▶ _Your assignment_
Using the records below, repeat exactly the lines from the one holding "精彩依然继续,拓展还在进行。" through the one holding "Affected Products: Specific", both ends included, and no others.
Data section Block Start
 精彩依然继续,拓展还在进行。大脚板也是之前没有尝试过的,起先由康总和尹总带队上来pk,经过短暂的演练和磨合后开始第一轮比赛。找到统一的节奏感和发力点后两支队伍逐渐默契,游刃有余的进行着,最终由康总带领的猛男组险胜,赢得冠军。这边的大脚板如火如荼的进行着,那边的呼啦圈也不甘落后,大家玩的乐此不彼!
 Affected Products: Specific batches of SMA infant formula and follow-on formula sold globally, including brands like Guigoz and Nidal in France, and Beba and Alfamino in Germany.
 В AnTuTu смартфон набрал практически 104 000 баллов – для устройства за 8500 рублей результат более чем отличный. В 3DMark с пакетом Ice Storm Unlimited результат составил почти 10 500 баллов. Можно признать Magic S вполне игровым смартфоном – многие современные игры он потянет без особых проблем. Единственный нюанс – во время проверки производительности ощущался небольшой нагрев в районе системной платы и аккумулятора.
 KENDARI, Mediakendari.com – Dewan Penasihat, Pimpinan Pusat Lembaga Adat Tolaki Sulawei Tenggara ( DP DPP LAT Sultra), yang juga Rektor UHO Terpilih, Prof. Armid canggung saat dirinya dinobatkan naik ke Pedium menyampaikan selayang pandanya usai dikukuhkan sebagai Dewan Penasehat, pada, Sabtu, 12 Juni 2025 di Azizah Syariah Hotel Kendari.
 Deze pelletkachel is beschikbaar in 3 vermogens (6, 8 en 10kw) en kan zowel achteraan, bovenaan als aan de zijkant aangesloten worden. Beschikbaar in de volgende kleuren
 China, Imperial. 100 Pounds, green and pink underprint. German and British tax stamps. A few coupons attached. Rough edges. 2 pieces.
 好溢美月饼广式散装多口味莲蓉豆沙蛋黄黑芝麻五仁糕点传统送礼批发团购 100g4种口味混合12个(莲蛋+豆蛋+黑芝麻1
Data section Block End
Data section Block Start
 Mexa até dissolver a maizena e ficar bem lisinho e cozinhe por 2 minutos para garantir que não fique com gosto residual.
Data section Block End
▶ _Finished exercise_
 精彩依然继续,拓展还在进行。大脚板也是之前没有尝试过的,起先由康总和尹总带队上来pk,经过短暂的演练和磨合后开始第一轮比赛。找到统一的节奏感和发力点后两支队伍逐渐默契,游刃有余的进行着,最终由康总带领的猛男组险胜,赢得冠军。这边的大脚板如火如荼的进行着,那边的呼啦圈也不甘落后,大家玩的乐此不彼!
 Affected Products: Specific batches of SMA infant formula and follow-on formula sold globally, including brands like Guigoz and Nidal in France, and Beba and Alfamino in Germany.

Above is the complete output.